Solving environment: done

## Package Plan ##

  environment location: /opt/conda/envs/DSX-Python35

  added / updated specs: 
    - pandas


The following packages will be downloaded:

    package                    |            build
    ---------------------------|-----------------
    certifi-2018.8.24          |        py35_1001         139 KB  conda-forge
    openssl-1.0.2r             |       h14c3975_0         3.1 MB  conda-forge
    ca-certificates-2019.3.9   |       hecc5488_0         146 KB  conda-forge
    pandas-0.23.4              |   py35hf8a1672_0        27.2 MB  conda-forge
    ------------------------------------------------------------
                                           Total:        30.6 MB

The following packages will be UPDATED:

    ca-certificates: 2019.1.23-0           --> 2019.3.9-hecc5488_0   conda-forge
    certifi:         2018.8.24-py35_1      --> 2018.8.24-py35_1001   conda-forge
    openssl:         1.0.2p-h14c3975_0     --> 1.0.2r-h14c3975_0    

## Data
Our dataset is a list of all the venues in Toronto that we are going to analyze.

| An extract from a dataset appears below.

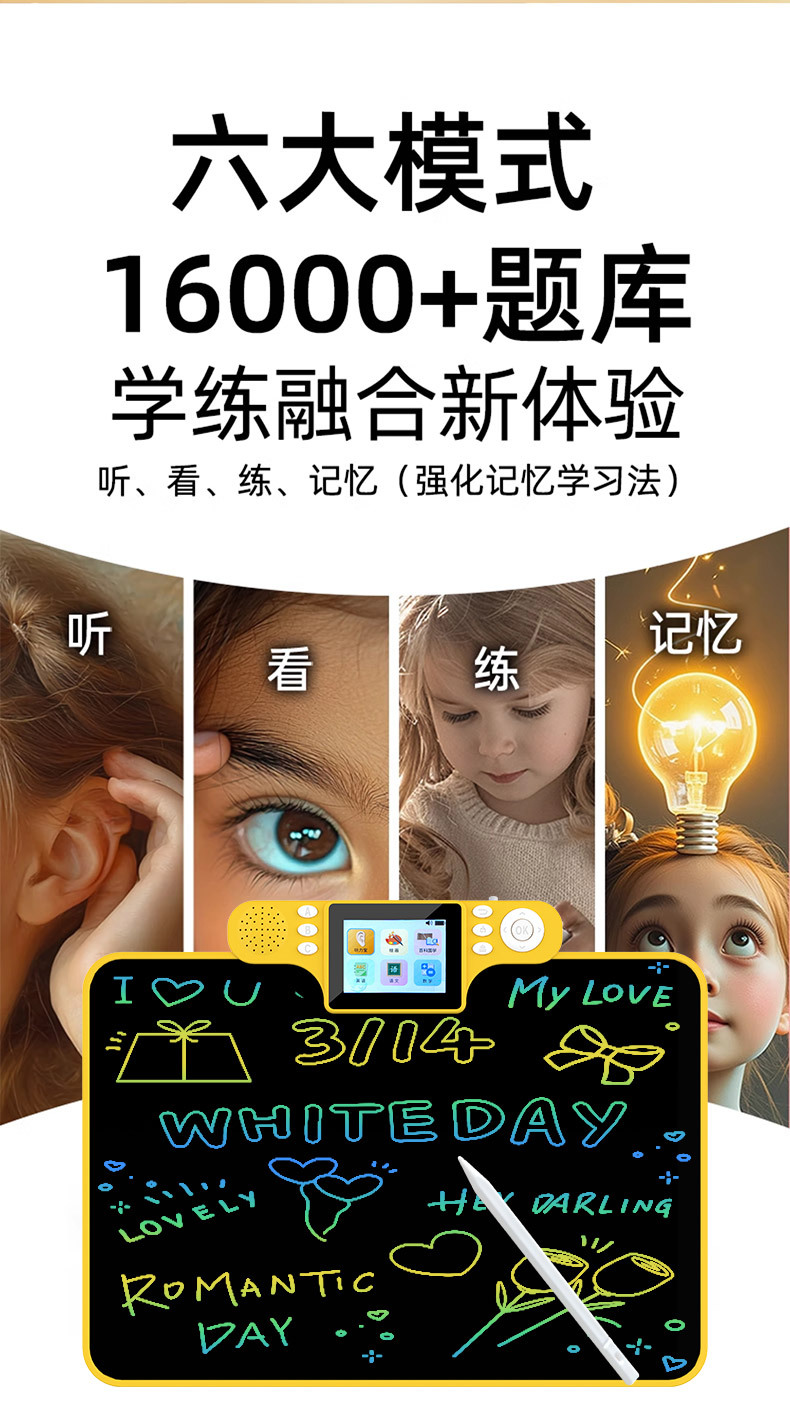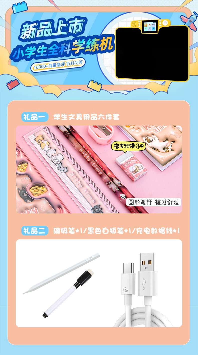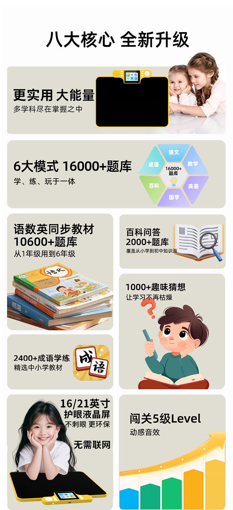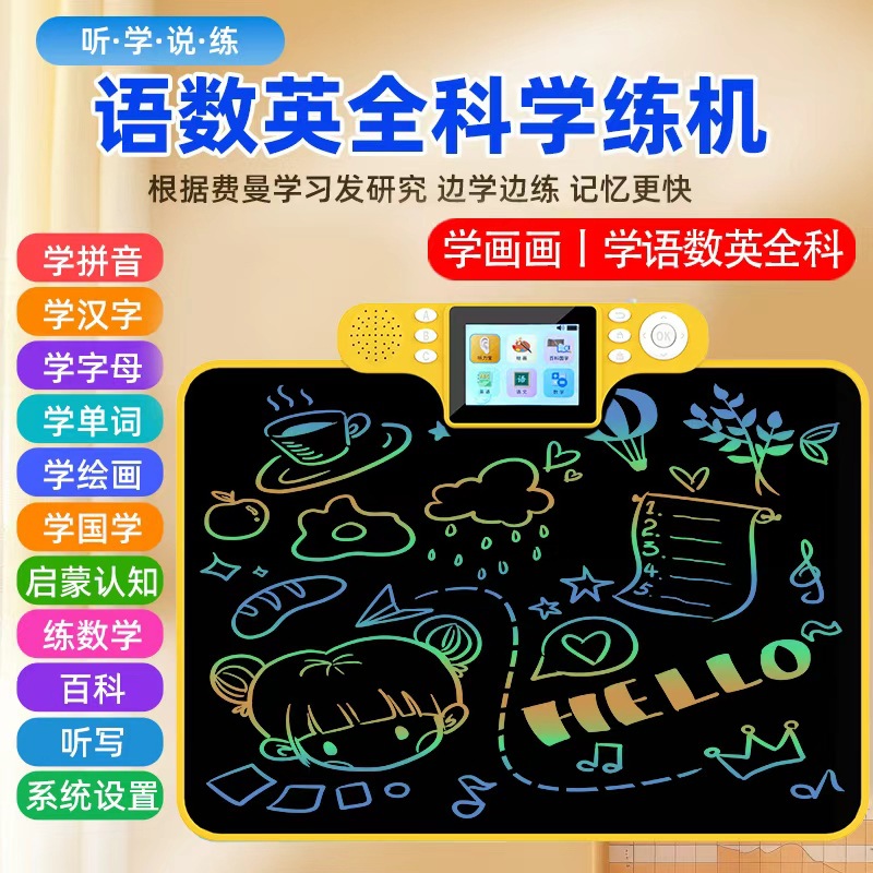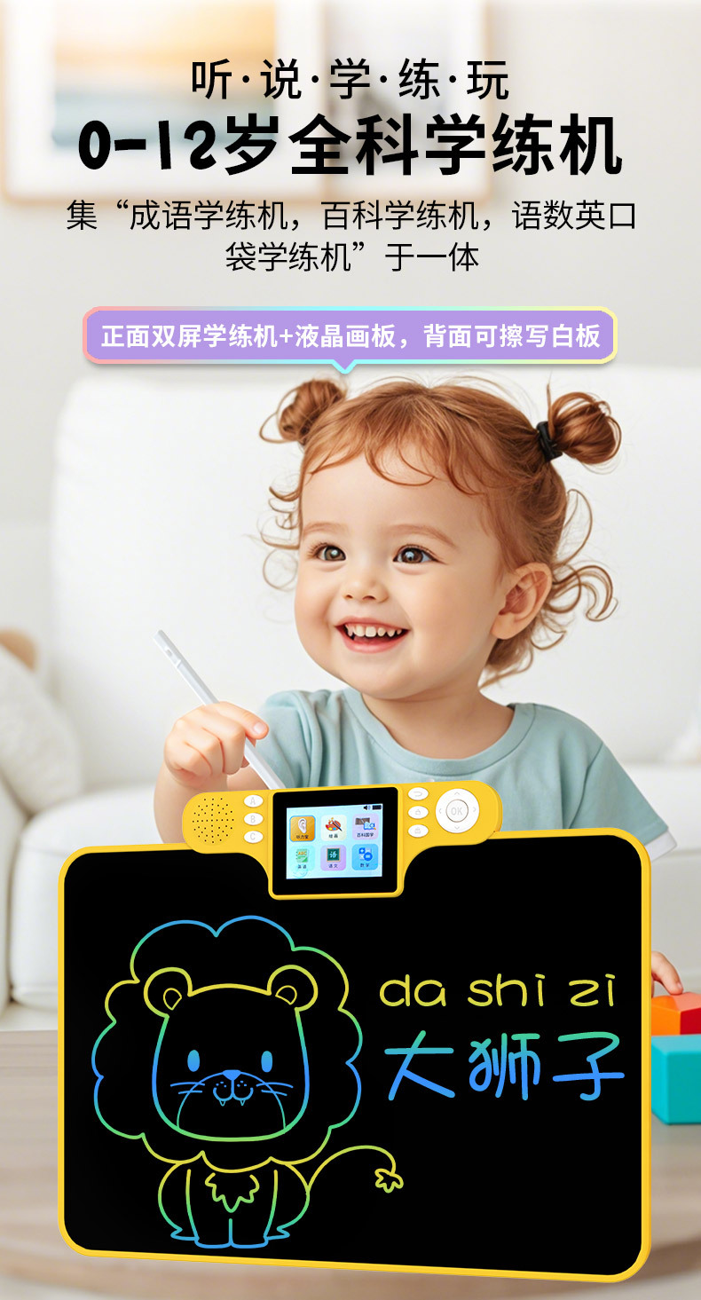어린이를 위한 비디오 그림 교육용 LCD 듀얼 스크린 스마트 학습기, 유아부터 초등학생까지의 중국어, 수학, 영어 전 과목 학습, 조기 교육스토어 가기

We scrape Wikipedia for a up to date list of Neighborhood and then we retrieve the coordinates, having a list of neighborhoods with their coordinates, we are going to extract venues using data from Foursquare. 

It is we this data we are going to and determine the neighborhoods that are most likely to support our client's business.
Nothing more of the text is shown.